Exercise details →
Could you write out every record below exactly, leaving the pictures out?

Supplied entries →
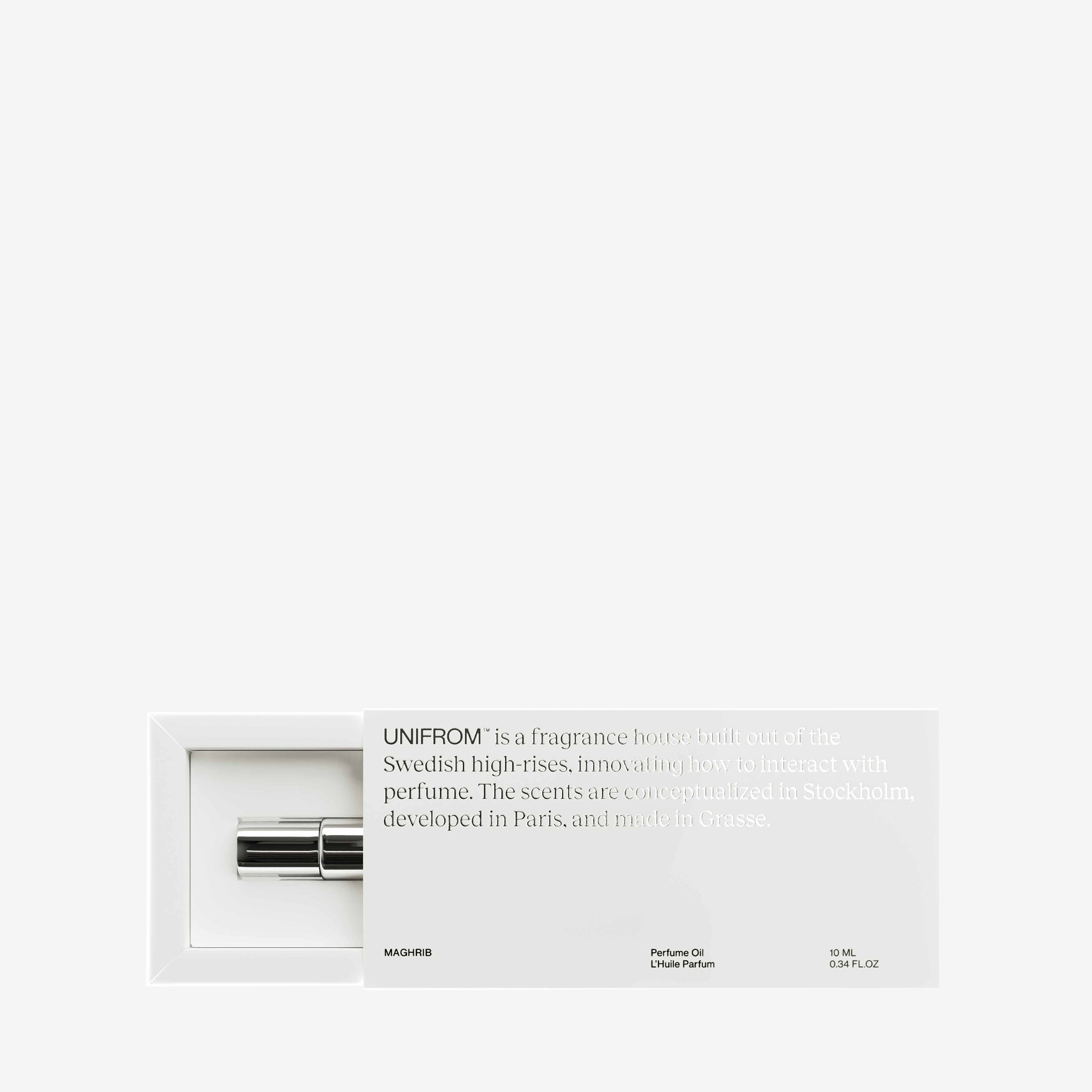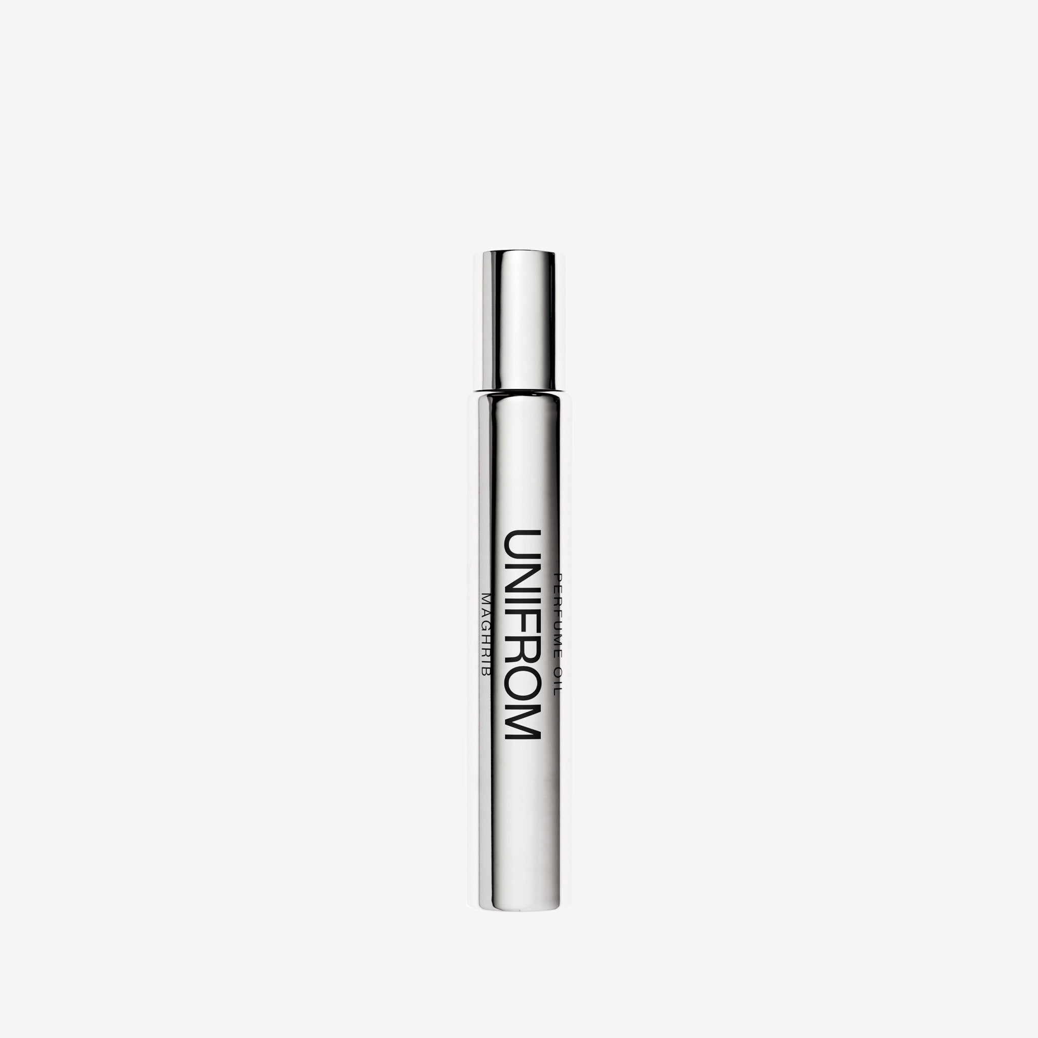 Maghrib Perfume Oil by Unifrom. Roll on fragrance oil with a scent reminiscent of city sunsets on warm summer nights. Top notes of Apple and Pepper. Heart notes of Tobacco. Base notes of Incense, Cedarwood and Musk.
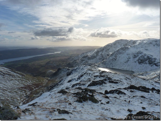 Levers Water taken from Levers Hawse, our descent route of Black Sails south ridge is in the foreground with the Lad Stones ridge directly behind. |
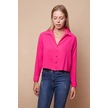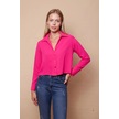 Kadın Likrasız Şık Kumaş Yakalı Uzun Kol Kısa Gömlek-Fujya Fujya
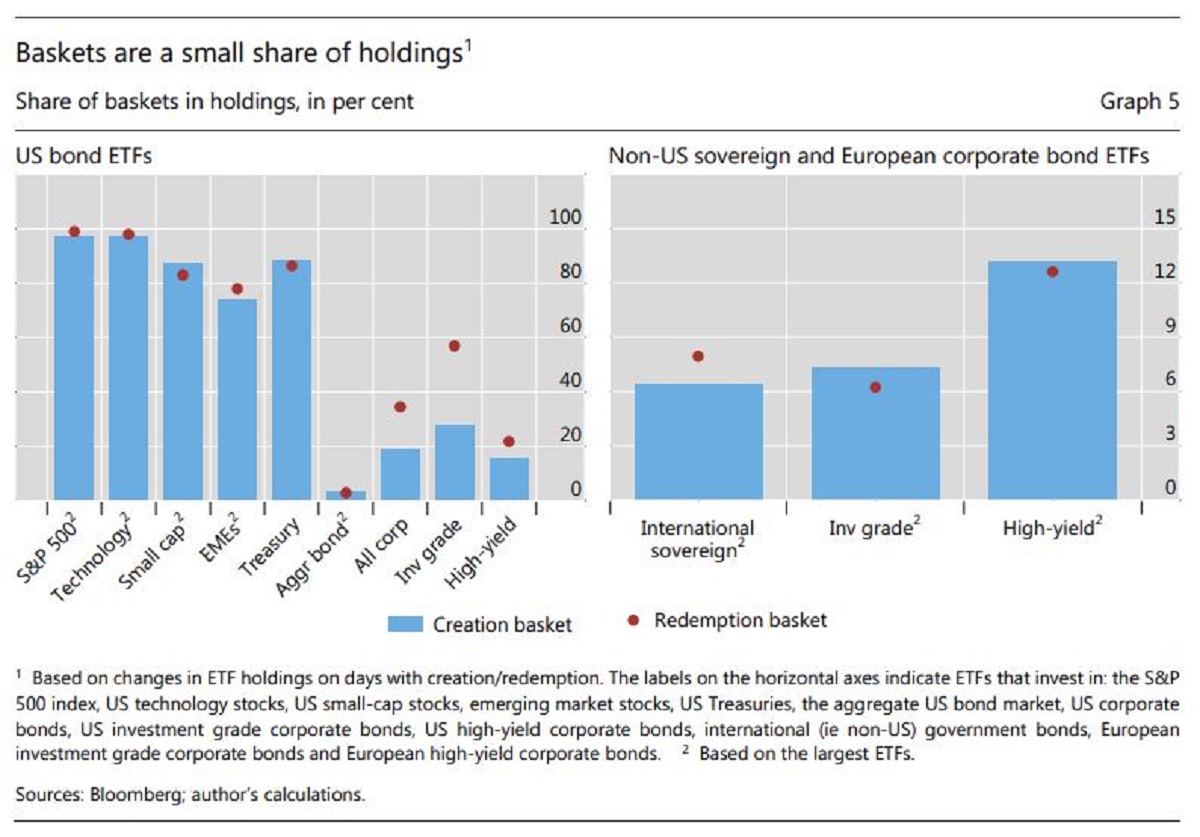 要充分理解这一裁决,让我们快速回顾一下ETF的运作方式。当现金流入ETF时,授权参与者购买基金的基础证券(在这种情况下是债券),并将它们与发行人交换成ETF的股份。当ETF遭受赎回时,这个过程发生相反。例如,如果一个ETF的交易价格低于其持有的债务,授权参与者将购买ETF的股份以换取基础债券(赎回篮子)进行出售 —— 最终保持ETF的价格与其持有的资产保持一致。值得注意的是,国际清算银行指出,ETF发行人可以自行决定将哪些债券包括在赎回篮子中。
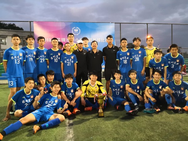 2018年11月7日至14日,在深圳市中小学生校园足球比赛(高中男子组)中,深圳实验学校高中部足球队一路过关斩将,勇夺冠军,获得代表深圳参加2019年“省长杯”全省总决赛的资格。
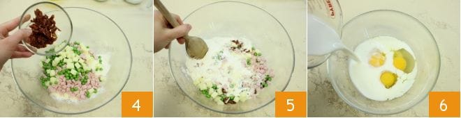 Add the cubed caciocavallo, then drain and pat dry the sun-dried tomatoes on kitchen paper to remove excess oil; then cut them into pieces and add them to the other ingredients 4. Stir the mixture with a wooden spoon 5 and set it aside. In the meantime, in another small bowl, pour the eggs, add the milk and cream 6.

Answer to this problem →
 Maghrib Perfume Oil by Unifrom. Roll on fragrance oil with a scent reminiscent of city sunsets on warm summer nights. Top notes of Apple and Pepper. Heart notes of Tobacco. Base notes of Incense, Cedarwood and Musk.
 Levers Water taken from Levers Hawse, our descent route of Black Sails south ridge is in the foreground with the Lad Stones ridge directly behind. |
 Kadın Likrasız Şık Kumaş Yakalı Uzun Kol Kısa Gömlek-Fujya Fujya
 要充分理解这一裁决,让我们快速回顾一下ETF的运作方式。当现金流入ETF时,授权参与者购买基金的基础证券(在这种情况下是债券),并将它们与发行人交换成ETF的股份。当ETF遭受赎回时,这个过程发生相反。例如,如果一个ETF的交易价格低于其持有的债务,授权参与者将购买ETF的股份以换取基础债券(赎回篮子)进行出售 —— 最终保持ETF的价格与其持有的资产保持一致。值得注意的是,国际清算银行指出,ETF发行人可以自行决定将哪些债券包括在赎回篮子中。
 2018年11月7日至14日,在深圳市中小学生校园足球比赛(高中男子组)中,深圳实验学校高中部足球队一路过关斩将,勇夺冠军,获得代表深圳参加2019年“省长杯”全省总决赛的资格。
 Add the cubed caciocavallo, then drain and pat dry the sun-dried tomatoes on kitchen paper to remove excess oil; then cut them into pieces and add them to the other ingredients 4. Stir the mixture with a wooden spoon 5 and set it aside. In the meantime, in another small bowl, pour the eggs, add the milk and cream 6.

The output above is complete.